Dataset-to-model Traceability with NetApp and MLflow

Contributors netapp-rickhuang-ai kevin-hoke

The NetApp DataOps Toolkit for Kubernetes can be used in conjunction with MLflow's experiment tracking capabilities in order to implement code-to-dataset, dataset-to-model or workspace-to-model traceability.

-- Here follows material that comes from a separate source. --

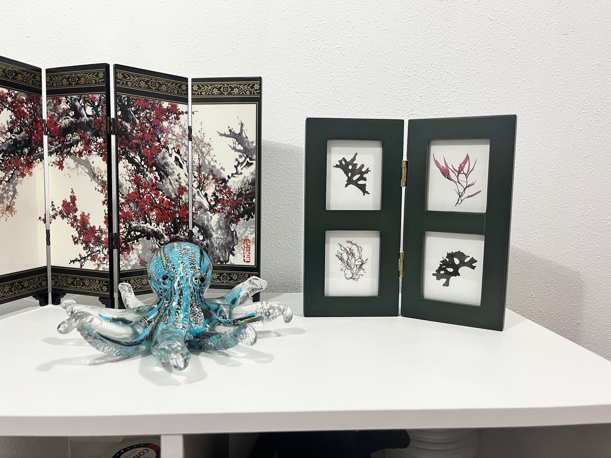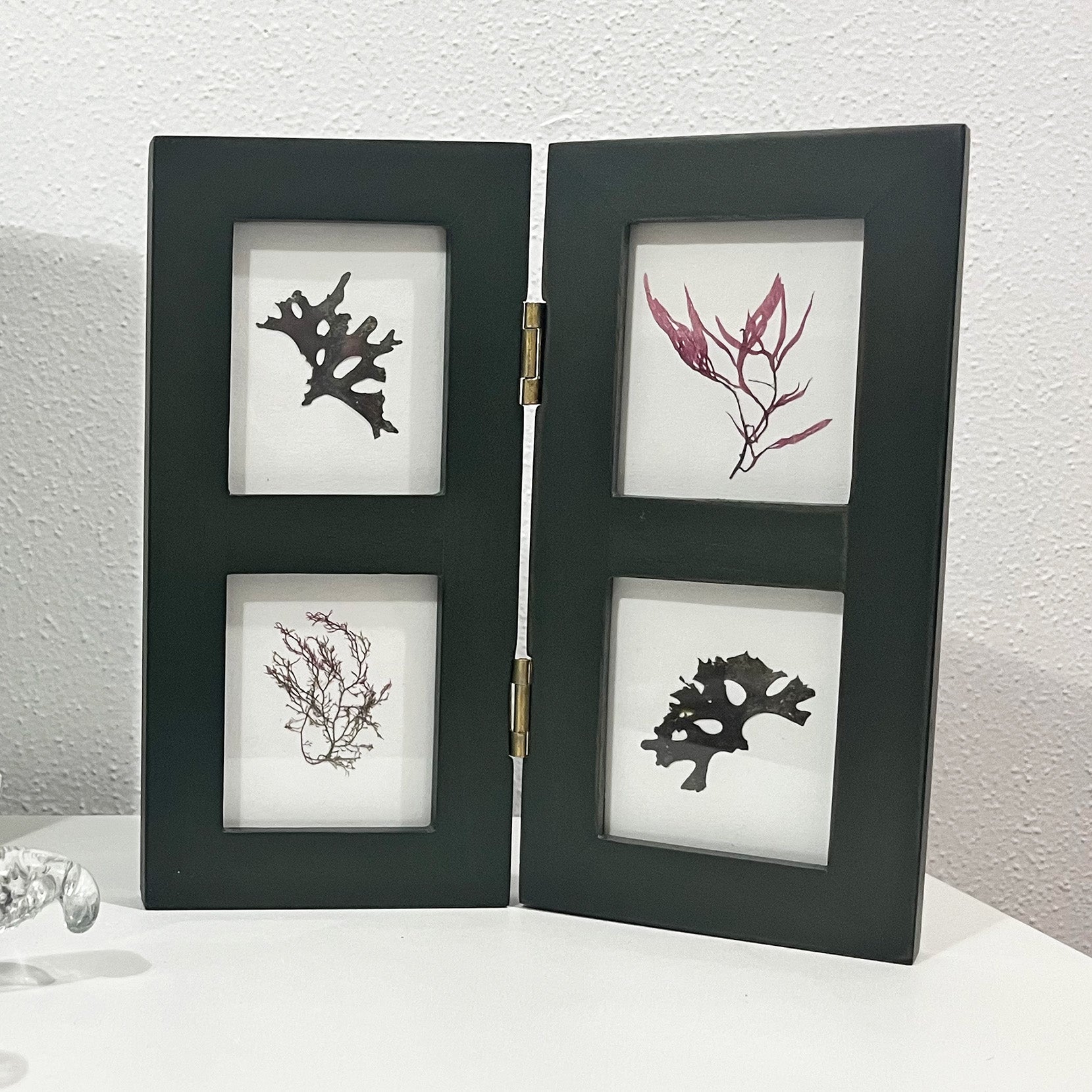 This dark green wood frame features four windows that each house a unique piece of algae in colors ranging from deep purple to bright pink. The perfect addition to any bookshelf! The entire frame measures 7.5 x 7.5 inches, with each window measuring 2.5 x 3 inches. Bonus: Since this one can fold to take up less space, shipping is significantly reduced compared with frames of a similar size!

The following libraries were used in the example notebook:

Pre-requisites

To implement code-dataset-model or workspace-to-model traceability, simply create a snapshot of your dataset or workspace volume using the DataOps Toolkit as part of your training run, as shown the following example code snippet. This code will save the data volume name and snapshot name as tags associated with the specific training run that you are logging to your MLflow experiment tracking server.

...
from netapp_dataops.k8s import cloneJupyterLab, createJupyterLab, deleteJupyterLab, \
listJupyterLabs, createJupyterLabSnapshot, listJupyterLabSnapshots, restoreJupyterLabSnapshot, \
cloneVolume, createVolume, deleteVolume, listVolumes, createVolumeSnapshot, \
deleteVolumeSnapshot, listVolumeSnapshots, restoreVolumeSnapshot


mlflow.set_tracking_uri("<your_tracking_server_uri>>:<port>>")
    os.environ['MLFLOW_HTTP_REQUEST_TIMEOUT'] = '500'  # Increase to 500 seconds
    mlflow.set_experiment(experiment_id)
    with mlflow.start_run() as run:
        latest_run_id = run.info.run_id
        start_time = datetime.now()

        # Preprocess the data
        preprocess(input_pdf_file_path, to_be_cleaned_input_file_path)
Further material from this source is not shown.